T-DM1 is the current standard of care in the adjuvant setting for patients with early-stage HER2+ breast cancer who have RID, as established by the Phase III KATHERINE trial.14,15 The study showed that adjuvant treatment with T-DM1 after completion of neoadjuvant therapy with a trastuzumab-containing regimen significantly improved IDFS compared with adjuvant trastuzumab alone.14 However, long-term IDFS survival benefits with T-DM1 among patients with advanced locoregional disease or positive nodal status after neoadjuvant therapy are limited, with 7-year IDFS rates of 67% and 72%, respectively.16 Moreover, adjuvant treatment with T-DM1 did not reduce the rate of central nervous system (CNS) recurrence compared with trastuzumab.16 These data emphasize the need for more effective treatments for high-risk patients in the post-neoadjuvant setting.
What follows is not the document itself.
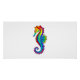 Künstlich gezeichnet, hell, Regenbogen, polygonales Seepferd auf weißem Hintergrund. Helles Tattoo.

This review provides an up-to-date synthesis of the latest clinical data from recent Phase III trials in early-stage HER2+ breast cancer presented at the ESMO Congress 2025, focusing on data marking a potential paradigm shift for ADCs moving into perioperative curative-intent treatment of early-stage disease (Table 1). This review of recent clinical data aims to support informed clinical decision-making among clinicians treating patients with early-stage HER2+ breast cancer.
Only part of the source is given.